The Yehoshua Rabinovich Foundation for the Arts’ Cinema Project is backing new projects by Avi Nesher, Yoav Shamir and animation maestro Albert Hanan Kaminski.
It has been a high-profile year for the Cinema Project, the film-financing arm of the Tel Aviv-based Yehoshua Rabinovich Foundation for the Arts.
Natalie Portman’s directorial debut A Tale Of Love And Darkness, an adaptation of Amos Oz’s autobiographical work inspired by his childhood in 1940s Jerusalem, which was backed by the Cinema Project, screened out of competition at Cannes, while André Singer’s documentary Night Will Fall was given a simultaneous global broadcast in 15 territories in January.

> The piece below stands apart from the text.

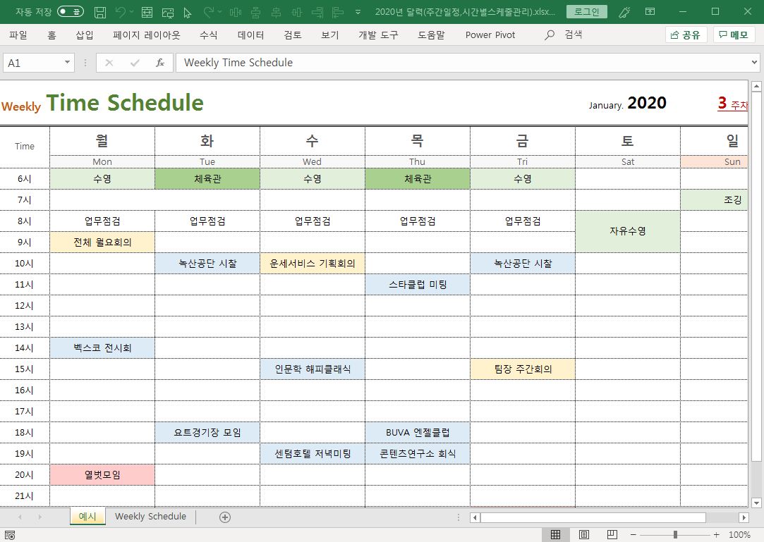 2020년 달력입니다. 원페이지로 제작되어 주간일정을 시간대별로 관리하실 수 있습니다.

Revisiting the attempt by Sidney Bernstein and Alfred Hitchcock to document the horrors of the Nazi concentration camps, the latter’s release coincided with the 70th anniversary of the liberation of Auschwitz-Birkenau.
“We cover feature films, documentary features and graduation shorts,” says Yoav Abramovich, deputy director and artistic director for feature-length feature films at the Cinema Project, of the organisation’s remit.
Under Israel’s Cinema Law, controlling the allocation of state funding for Israeli cinema, the Cinema Project competes with the Israel Film Fund as well as a cluster of smaller funds for projects and Film Council backing.
“The competition is seen as being good for Israeli cinema,” comments Abramovich. “We’re competing to make good films. We’re judged by the success of our films in festivals and with Israeli audiences.”
The Cinema Project invests around $7.7m (ils29m) each year, which is generally split into $528,000 (ils2m) for a feature and $53,000 (ils200,000) for a documentary.
“We try to support projects that have artistic excellence and we believe will be appealing to the audience,” says Abramovich. “Israel is a complex and heterogeneous society and we try to support artistic expression from all its different parts.”
Upcoming Cinema Project-backed titles include Avi Nesher’s family drama Past Tense, about two Holocaust descendants living in 1970s Israel on the eve of the peace accord with Egypt, and Ethiopia-born, Israel-based Alamork Marsha’s debut feature Fig Tree, which was the winner of the $50,000 top prize at the Sam Spiegel International Film Lab pitching event in 2014.
Fig Tree is inspired by Marsha’s childhood experiences in war-torn Addis Ababa in 1991 and her family’s subsequent flight to Israel.
The Cinema Project has also invested in Yuval Delshad’s Baba Joon, Israel’s first Persian-language film about Jewish immigrants from Iran getting to grips with life on a turkey farm in the Negev desert. It stars Navid Negahban, who played Abu Nazir in Homeland, the US remake of Hatufim.
Further investments include Emil Ben-Shimon’s Women’s Balcony, which is about a moderate Jerusalem community hijacked by an extremist rabbi after the local synagogue is destroyed, forcing the women to take action. It is produced by Talia Kleinhendler and Osnat Handelsman-Keren of Tel Aviv-based Pie Films, whose credits include The Farewell Party, Bethlehem and The Kindergarten Teacher.
Not afraid to take risks, the Cinema Project is also backing an Israeli feature animation. Being Solomon is the latest work by celebrated Israeli animation director Albert Hanan Kaminski, whose credits include the award-winning TV series Pettson And Findus and the adventure fantasy The Real Shlemiel (aka Aaron’s Magic Village).
The Cinema Project is hoping to build on its strong record in documentary.
Headed by Arie Raichman, the documentary strand has previously backed the Oscar-nominated The Gatekeepers and Ra’anan Alexandrowicz and Liran Atzmor’s The Law In These Parts and is now supporting award-winning Yoav Shamir’s upcoming portrait of the controversial free-love Raël cult, featuring interviews with its founder, the France-born Japan-based Claude Vorilhon.
“It’s fascinating because it is a way to see how religion is born because its founder is still alive today,” says Abramovich.
Further non-fiction films in the works include Tal Michael’s portrait of the Frenkel brothers; Jewish animation pioneers who lived in Cairo from the 1920s to the 1940s, creating characters such as Mish-Mish that were as well known as Mickey Mouse in Egypt and the wider Arab world.
Michael’s Pitbulls: Flesh And Blood screened here at Jerusalem Film Festival last year.
The Cinema Project has also backed a new project by Raheli Schwartz that looks at injured Syrian fighters being treated in Israeli hospitals, and Boris Maftsir¹s six-part film The Guardians Of Remembrance, which uncovers the history of the Holocaust in former countries of the Soviet Union.